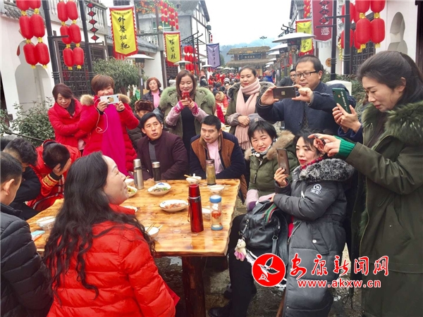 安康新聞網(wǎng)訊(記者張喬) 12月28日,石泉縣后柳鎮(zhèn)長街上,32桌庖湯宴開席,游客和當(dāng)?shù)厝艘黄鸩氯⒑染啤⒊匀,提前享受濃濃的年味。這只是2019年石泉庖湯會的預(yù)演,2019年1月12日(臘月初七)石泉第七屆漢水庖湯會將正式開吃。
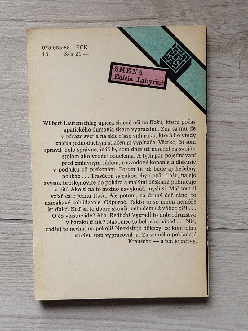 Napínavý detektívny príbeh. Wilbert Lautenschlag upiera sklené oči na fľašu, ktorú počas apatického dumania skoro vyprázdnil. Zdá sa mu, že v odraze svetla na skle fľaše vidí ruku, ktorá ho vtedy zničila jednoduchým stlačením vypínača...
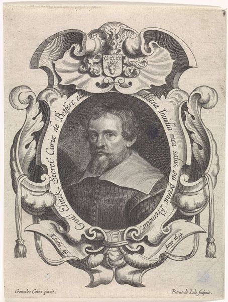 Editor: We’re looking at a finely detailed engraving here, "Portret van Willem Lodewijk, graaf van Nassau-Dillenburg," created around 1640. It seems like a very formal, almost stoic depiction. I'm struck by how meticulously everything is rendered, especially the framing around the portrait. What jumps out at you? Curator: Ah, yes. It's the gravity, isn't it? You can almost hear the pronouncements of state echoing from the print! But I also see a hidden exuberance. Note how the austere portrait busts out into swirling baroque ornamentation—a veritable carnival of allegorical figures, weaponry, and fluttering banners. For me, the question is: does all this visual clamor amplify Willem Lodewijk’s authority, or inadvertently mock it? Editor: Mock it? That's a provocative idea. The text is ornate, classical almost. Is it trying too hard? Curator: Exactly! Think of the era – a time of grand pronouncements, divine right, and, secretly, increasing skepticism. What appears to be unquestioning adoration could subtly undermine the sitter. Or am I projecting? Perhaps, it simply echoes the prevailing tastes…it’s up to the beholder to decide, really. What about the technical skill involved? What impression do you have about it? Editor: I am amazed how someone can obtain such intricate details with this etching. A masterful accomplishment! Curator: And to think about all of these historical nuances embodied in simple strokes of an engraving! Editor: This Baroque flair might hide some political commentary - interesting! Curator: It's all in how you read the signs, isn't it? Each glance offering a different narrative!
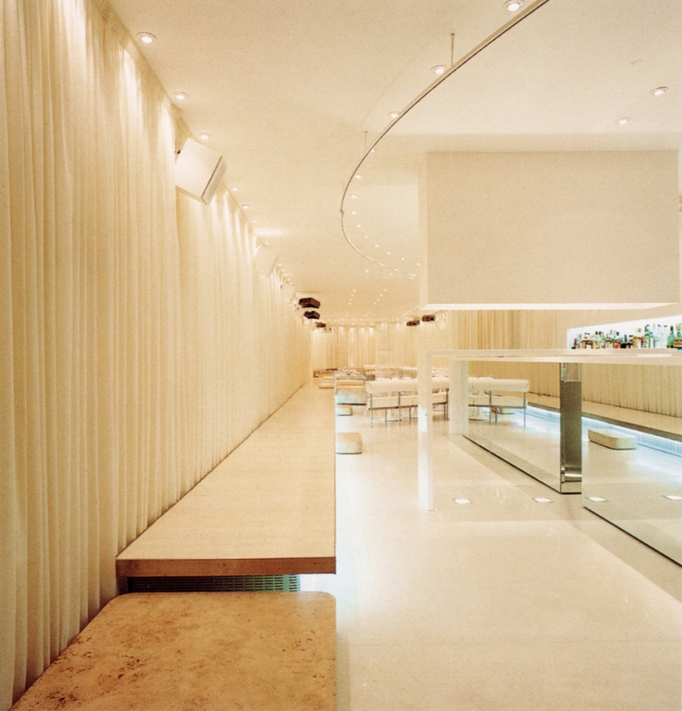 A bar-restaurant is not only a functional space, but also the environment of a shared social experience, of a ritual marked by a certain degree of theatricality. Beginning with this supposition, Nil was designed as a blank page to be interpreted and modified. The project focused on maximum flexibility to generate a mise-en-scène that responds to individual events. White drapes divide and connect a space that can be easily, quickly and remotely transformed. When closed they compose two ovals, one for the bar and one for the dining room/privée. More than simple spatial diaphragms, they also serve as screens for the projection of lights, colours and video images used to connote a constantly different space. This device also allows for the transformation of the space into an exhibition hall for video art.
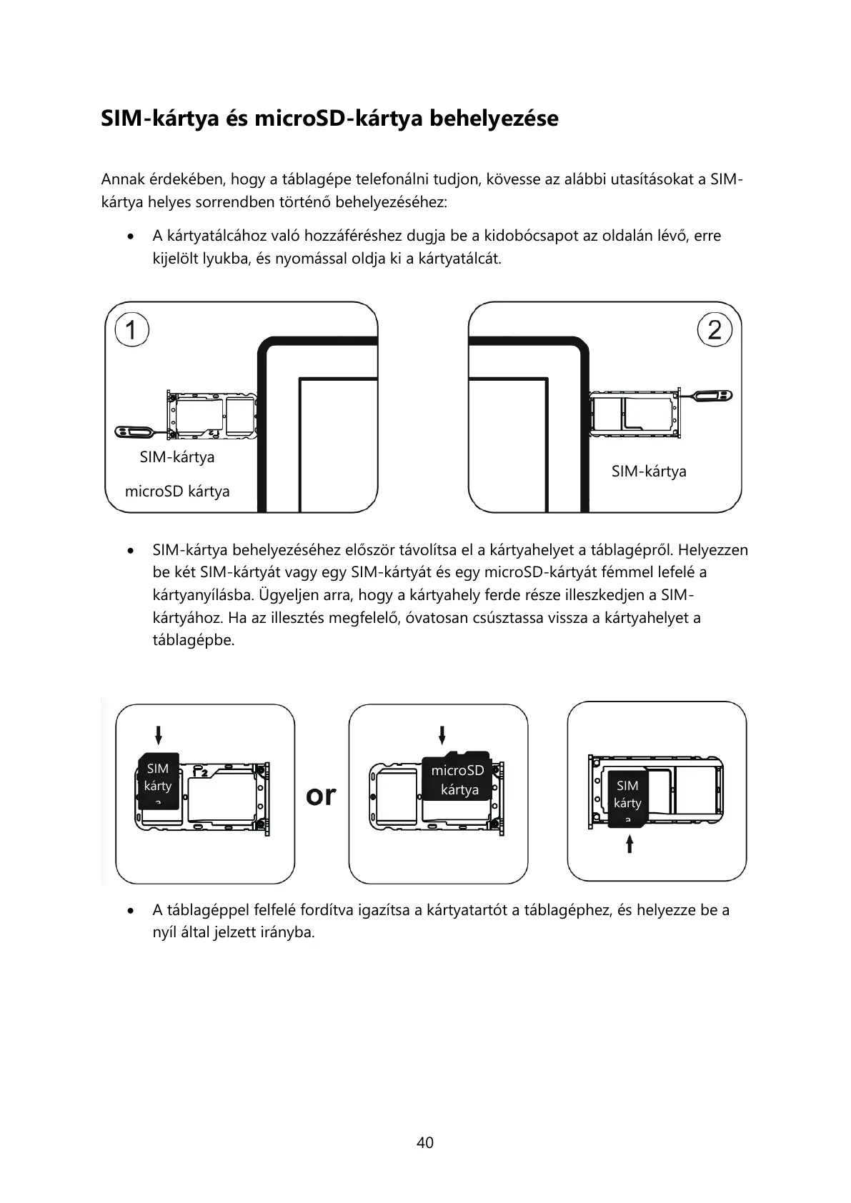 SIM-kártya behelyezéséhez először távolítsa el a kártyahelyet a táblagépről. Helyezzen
------------------------
Take the material above from its first line through the line holding "Editor: We’re looking" and set it down exactly, without the pictures.

 安康新聞網(wǎng)訊(記者張喬) 12月28日,石泉縣后柳鎮(zhèn)長街上,32桌庖湯宴開席,游客和當(dāng)?shù)厝艘黄鸩氯⒑染啤⒊匀,提前享受濃濃的年味。這只是2019年石泉庖湯會的預(yù)演,2019年1月12日(臘月初七)石泉第七屆漢水庖湯會將正式開吃。
 Napínavý detektívny príbeh. Wilbert Lautenschlag upiera sklené oči na fľašu, ktorú počas apatického dumania skoro vyprázdnil. Zdá sa mu, že v odraze svetla na skle fľaše vidí ruku, ktorá ho vtedy zničila jednoduchým stlačením vypínača...
 Editor: We’re looking at a finely detailed engraving here, "Portret van Willem Lodewijk, graaf van Nassau-Dillenburg," created around 1640. It seems like a very formal, almost stoic depiction. I'm struck by how meticulously everything is rendered, especially the framing around the portrait. What jumps out at you? Curator: Ah, yes. It's the gravity, isn't it? You can almost hear the pronouncements of state echoing from the print! But I also see a hidden exuberance. Note how the austere portrait busts out into swirling baroque ornamentation—a veritable carnival of allegorical figures, weaponry, and fluttering banners. For me, the question is: does all this visual clamor amplify Willem Lodewijk’s authority, or inadvertently mock it? Editor: Mock it? That's a provocative idea. The text is ornate, classical almost. Is it trying too hard? Curator: Exactly! Think of the era – a time of grand pronouncements, divine right, and, secretly, increasing skepticism. What appears to be unquestioning adoration could subtly undermine the sitter. Or am I projecting? Perhaps, it simply echoes the prevailing tastes…it’s up to the beholder to decide, really. What about the technical skill involved? What impression do you have about it? Editor: I am amazed how someone can obtain such intricate details with this etching. A masterful accomplishment! Curator: And to think about all of these historical nuances embodied in simple strokes of an engraving! Editor: This Baroque flair might hide some political commentary - interesting! Curator: It's all in how you read the signs, isn't it? Each glance offering a different narrative!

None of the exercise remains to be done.